Glockengeläut

Heute wurde ausnahmsweise der Hahn einmal vom Läuten der Kirchenglocken übertönt. Trotzdem kommt das Gleiche dabei heraus. Die Hunde sind wach. Mina möchte unter ihren Lieblings-Olivenbaum und Mona freut sich so sehr auf den morgendlichen Spaziergang, dass an Schlaf nicht mehr zu denken ist. Dann fügen wir uns eben und frühstücken auf der Terrasse. Heute ist es allerdings schon so warm, dass wir mit unserer Bank in den Schatten wandern müssen.

Mona beobachtet alles ganz genau.

Carmen streicht die Wohnzimmer-Fenster.

Am Dienstag ist der Rahmen dran.

Uwe baut die Küche weiter zurück.

Mit ein bisschen Fantasie kann man sich jetzt vorstellen, dass ein weißer Fliesenspiegel und eine weiße Küche den Essbereich gemütlich werden lassen.

Wir wollen es hier schließlich im Winter schön haben. Wir können uns überhaupt nicht vorstellen, wie es die Vorbesitzer hier ausgehalten haben. In einer Woche haben wir so viel verändert. Wenn morgen die neue Couch hier steht, haben wir im Winter auch einen gemütlichen Rückzugsort, wenn es draußen mal ungemütlich ist. Das Wohnmobil mit 3 Hunden teilen, kann dann schon anstrengend sein.

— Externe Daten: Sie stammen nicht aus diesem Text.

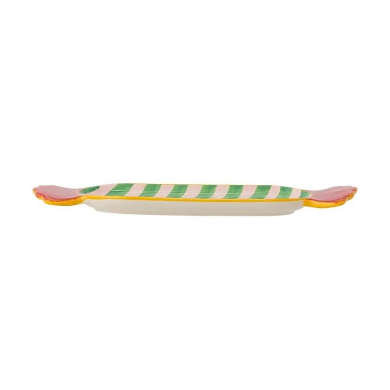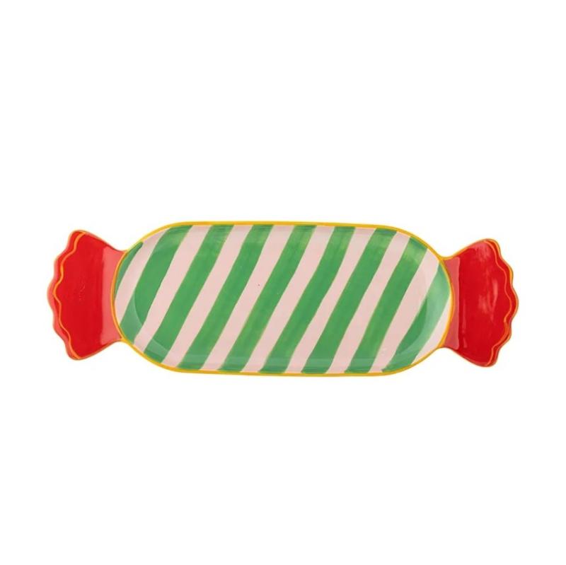 Керамическое блюдо с росписью в зелёных тонах из серии Caramella. Узор нанесён вручную, поэтому каждое блюдо немного отличается от другого. Подходит для подачи закусок, фруктов или как самостоятельный декоративный элемент. Зелёный цвет освежает традиционную рождественскую палитру. Керамогранит прочен и долговечен.

Zu einem entspannten Abend gehört natürlich auch der Fernseher. Also steigt Uwe aufs Dach.

Das überaus hässliche Geländer wird nach und nach auch noch weichen. Aber erstmal ist jetzt das Erdgeschoss an der Reihe.

Die Deckenbalken kommen noch weg und der Kamin bekommt einen Einsatz, damit man ihn auch wirklich zum Heizen nutzen kann.

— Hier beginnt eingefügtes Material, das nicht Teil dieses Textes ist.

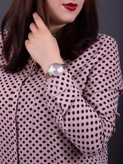 Женские кварцевые часы Slazenger — элегантный аксессуар с гармоничным дизайном и продуманной конструкцией. Корпус диаметром 35 мм и толщиной 8,5 мм выполнен из суперметалла. БезельБезельВнешний ободок, закрепляющий стекло. В спортивных часах так называется поворотное кольцо с делениями на циферблате, выполняет роль таймера – замеряет отрезки времени на шкале. Неподвижный безель – элемент декора. Однонаправленно вращающийся безель на дайверских часах позволяет фиксировать моменты погружения и выныривания на поверхность. с IP-покрытиемIP-покрытиеМетод ионного напыления. Демонстрирует повышенную устойчивость к истиранию, окислению и химическим веществам. Под воздействием высокого давления и температуры около 1500°C молекулы металла надёжно соединяются с частицами корпуса часов.. Циферблат серебристого цвета оформлен индексами и стрелками. Циферблат защищён минеральным стекломМинеральное стеклоМинеральное стекло представляет собой искусственно выращенный минерал кварца. Такое стекло отличается особой устойчивостью к повреждениям и царапинам. Уступает по некоторым качествам сапфировому стеклу.. Механизм — кварцевый калибр Miyota 2035. Браслет из суперметалла с IP-покрытиемIP-покрытиеМетод ионного напыления. Демонстрирует повышенную устойчивость к истиранию, окислению и химическим веществам. Под воздействием высокого давления и температуры около 1500°C молекулы металла надёжно соединяются с частицами корпуса часов.., обеспечивает цельный и утончённый образ. Часы оснащены раскладной застёжкойРаскладная застёжкаТакой тип застёжки используется только на браслетах из металла. Она никогда не раскрывается полностью, происходит разделение на 2 и более частей. Раскладывающая застёжка снизит вероятность потери часов к минимуму.. Водонепроницаемость 30 м позволяет использовать часы в повседневных условиях. Стильное решение для тех, кто ценит лаконичность и качество.

Und im Schlafzimmer muss noch dieses seltsame Fensterchen weg.

 

Wochenendwetter

Wir haben nicht ganz so ruhig geschlafen, wie zuhause, weil dieser Strand nachts hin und wieder, vor allen am Wochenende von Pärchen aufgesucht wird und das musste Mona natürlich melden. Aber irgendwann war auch das vorbei und erst nach 8 Uhr werden wir wach. Hier hört man nämlich den Hahn nicht.

Auf dem Strand zu parken, ist mittlerweile in Griechenland verboten. Aber wir stehen nicht auf dem Strand, sondern am Rand der Straße, die zum Friedhof führt. Dort ist nächtliches Parken weiterhin erlaubt.

Unsere Drohne Hedwig hält die einzigartige Lagunenlandschaft im Bild fest.

Es gibt noch eine weitere Strecke zum Festland, allerdings nur für Fußgänger oder Fahradfahrer. Demnächst werden wir die mal mit dem Fahrrad testen.

Das ist unser kleines Häuschen.

Nach einem gemütlichen Samstagsfrühstück werkeln wir noch ein bisschen im Haus, bis am frühen Nachmittag Wind aufkommt. Das war zwar so nicht gemeldet, aber trotzdem nutzen wir die Chance und gehen zum Hausstrand.

Uwe findet das nett, wenn jemand ihm beim Kiten zuschaut, denn der Kite verliert Luft. Frauchen muss schließlich auf die Hundemeute achten.

Schon 2 Wochen unterwegs

Heute vor 2 Wochen sind wir noch in Saarbrücken gewesen. Es kommt uns ewig vor. Eine Woche gemütliche Anreise und seit einer Woche sitzen wir beim Frühstück auf unserer Terrasse mit Meerblick.

Tagsüber ist noch richtiges Badewetter (30⁰), aber nachts kühlt es sehr angenehm ab. Eigentlich ideal!

Heute ist es ein bisschen bewölkt. Unserer Pflanzen erobern das Vordach.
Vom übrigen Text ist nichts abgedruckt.